Guru akan berperan sebagai "narator" atau "pengamat kolonial" yang memberikan tantangan dalam simulasi. Penilaian akan didasarkan pada pemahaman peserta didik terhadap peran pahlawan, strategi yang digunakan, kemampuan kolaborasi dalam kelompok, dan kemampuan memecahkan masalah dalam skenario simulasi.
Soal HOTS (Higher Order Thinking Skills)
Peserta didik diminta untuk menganalisis dampak jangka panjang dari perjuangan pahlawan lokal, melampaui sekadar identifikasi.
Soal 1:
Perjuangan pahlawan lokal seperti Tuanku Imam Bonjol di Minangkabau yang mengorganisir perlawanan terhadap Belanda seringkali tidak hanya berupa kekuatan fisik, tetapi juga memanfaatkan basis sosial dan keagamaan.

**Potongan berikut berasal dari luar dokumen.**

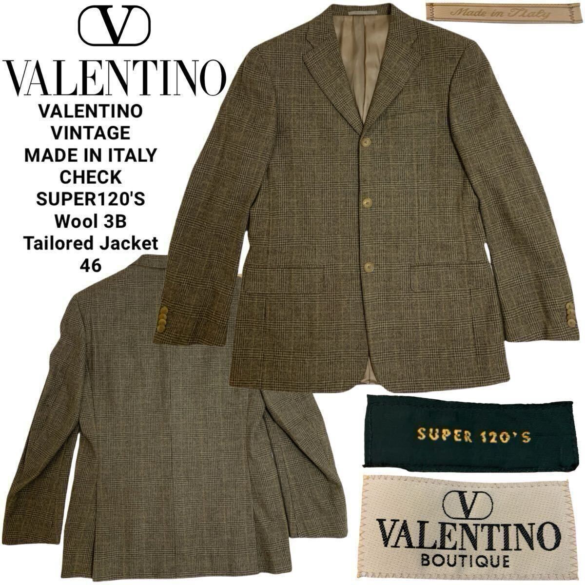 - VALENTINO VINTAGE ヴァレンティノ ヴィンテージ MADE IN ITALY SUPER120'S チェック柄ウールテーラードジャケット ベージュ 46 アーカイブ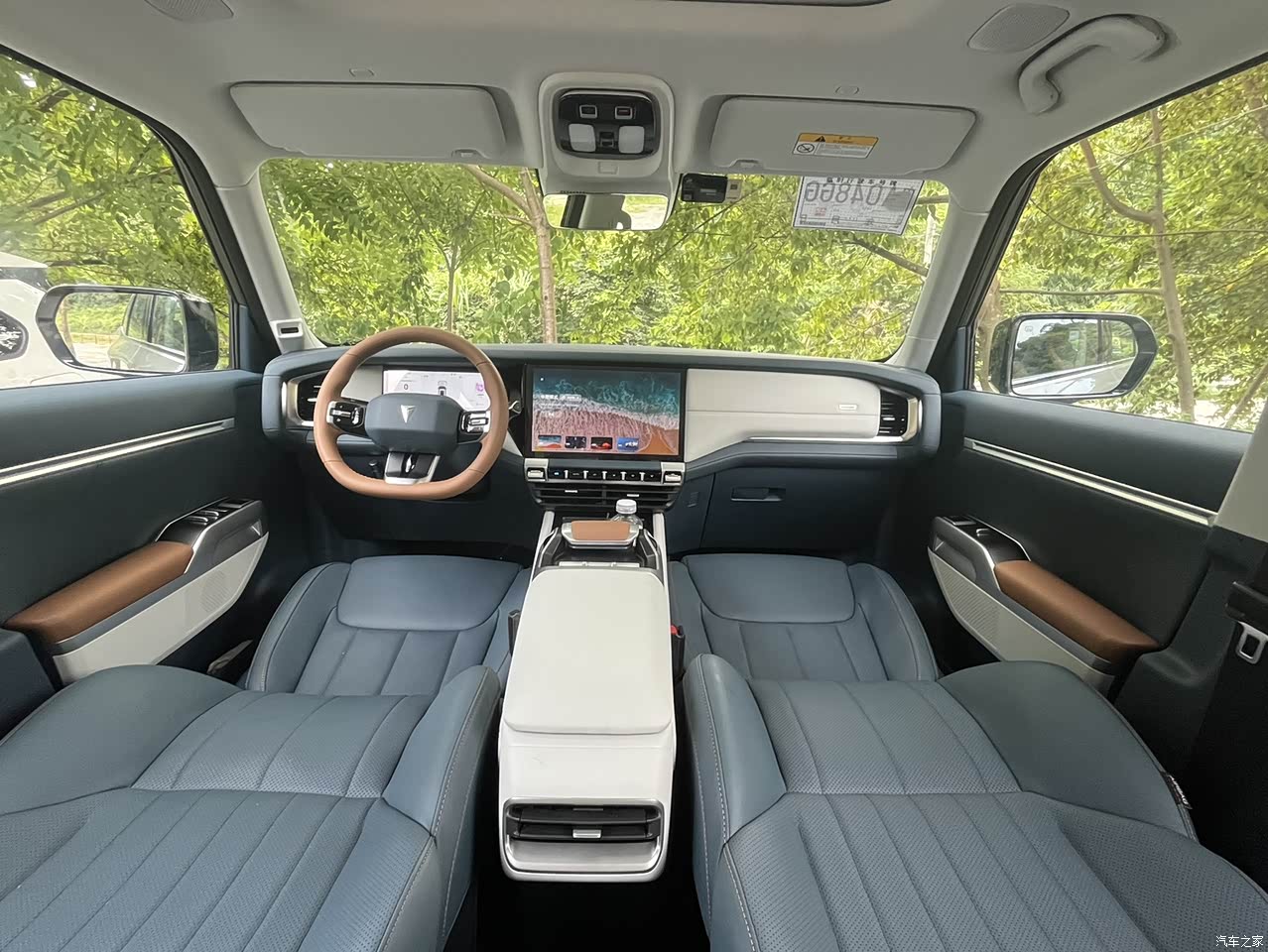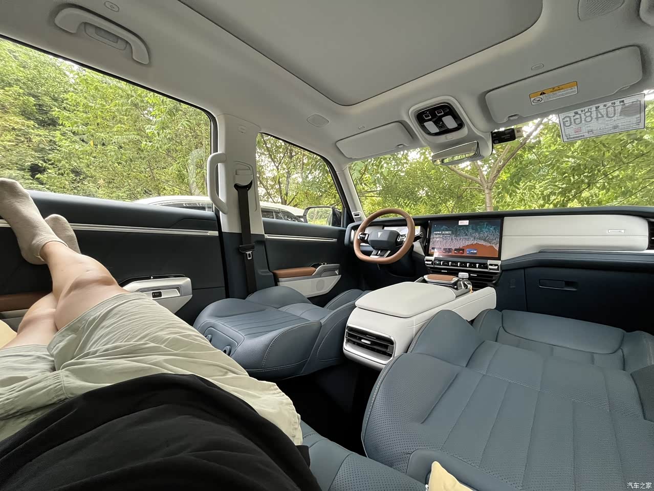 整体满意: 方盒子给的大五座空间是完全够的,特别是头部空间,比我原来的合资大SUV还偏大,座椅的包裹性也舒服。座椅支持前排放倒和后排放倒,休息场景够用。 期待改善地方: 中控台杯架少,只有1个孔位放杯子,另外一个太浅了是放钥匙之类的,放杯子孔位不够用,要两个最好。 中控台下面的储物柜不方便取物,要把座椅往后移动才方便把手伸下去放东西。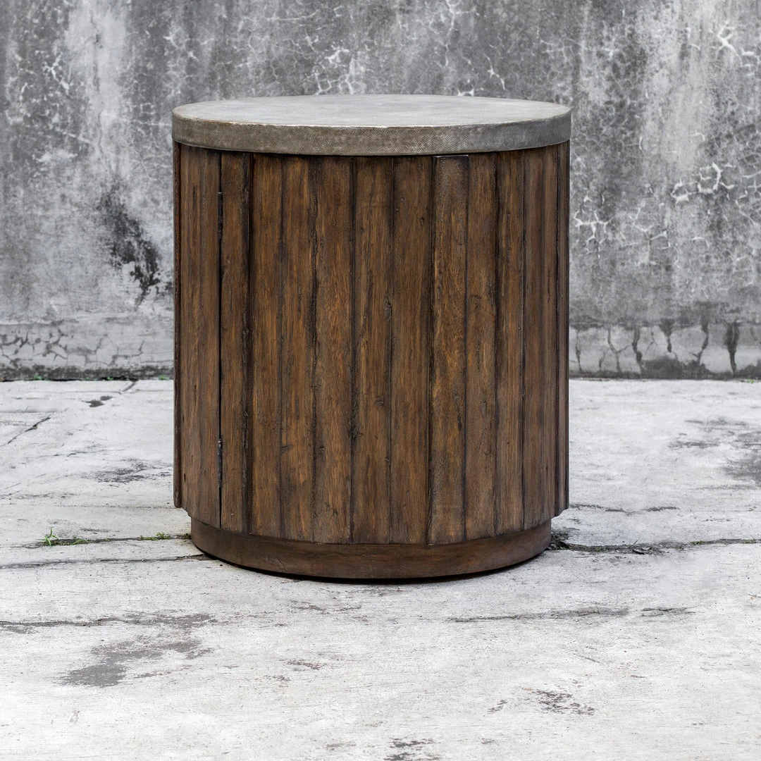 Handcrafted From Select Hardwoods In A Vineyard Fruitwood Stain, Pieced To Create This Multi Dimensional Base Complete With A Hidden Storage Door That Reveals One Interior Adjustable Shelf. Finished With A Hammered Sheet Metal Top In A Pewter Glaze.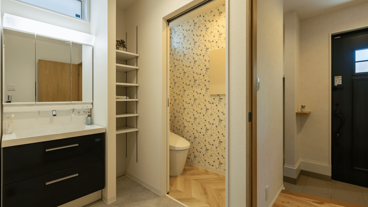 帰宅後すぐに手洗いができる間取りも嬉しいですね✨洗面台の隣には、可動棚を設置しているのでタオルやハンドソープの詰め替えなども収納しておくことができます。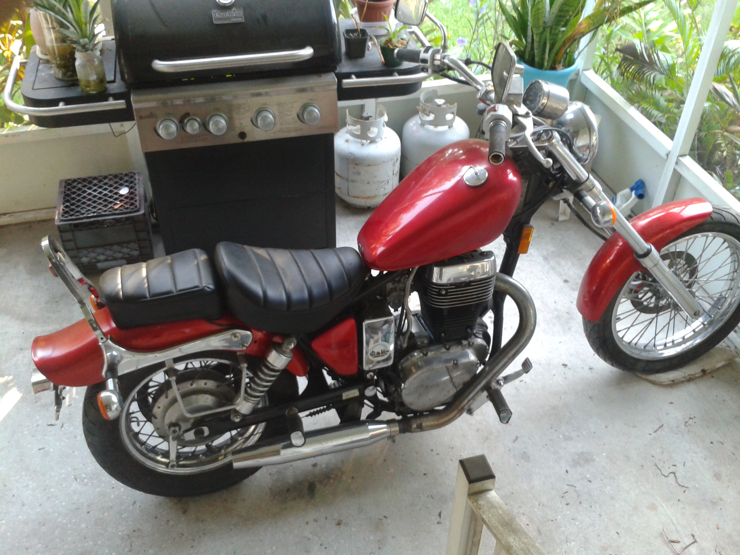 Wow, i couldnt even tell the frame had been modded. I was also wondering where you got that tank. When it's conveniant for you i'm sure we'd all love to see more pics (profile perhaps) of your bike! Also, am i mistaken or is that a different rear fender (honda rebel)?

Jika dibandingkan dengan perjuangan yang dilakukan oleh Pangeran Diponegoro di Jawa, persamaan mendasar dalam strategi mobilisasi massa yang digunakan kedua pahlawan tersebut adalah...
A. Penggunaan taktik perang gerilya secara sporadis di berbagai wilayah untuk mengacaukan logistik musuh.
Analisis: Opsi ini kurang tepat karena meskipun Pangeran Diponegoro menggunakan taktik gerilya, fokus utamanya adalah pada mobilisasi massa berbasis kepercayaan dan identitas lokal. Tuanku Imam Bonjol juga lebih menekankan pada persatuan umat dan institusi agama sebagai basis perlawanan. Taktik gerilya adalah bagian dari strategi, bukan persamaan mendasar dalam mobilisasi massa.
B. Pemanfaatan legitimasi kepemimpinan spiritual dan kharisma untuk menyatukan rakyat dalam menghadapi penjajah.
Analisis: Opsi ini sangat tepat. Baik Tuanku Imam Bonjol (sebagai pemimpin agama yang kuat) maupun Pangeran Diponegoro (yang memiliki legitimasi kuat sebagai pewaris tahta dan dianggap memiliki kekuatan spiritual) berhasil menggunakan kharisma dan legitimasi mereka untuk menggalang dukungan rakyat secara luas. fondasi utama mobilisasi massa mereka.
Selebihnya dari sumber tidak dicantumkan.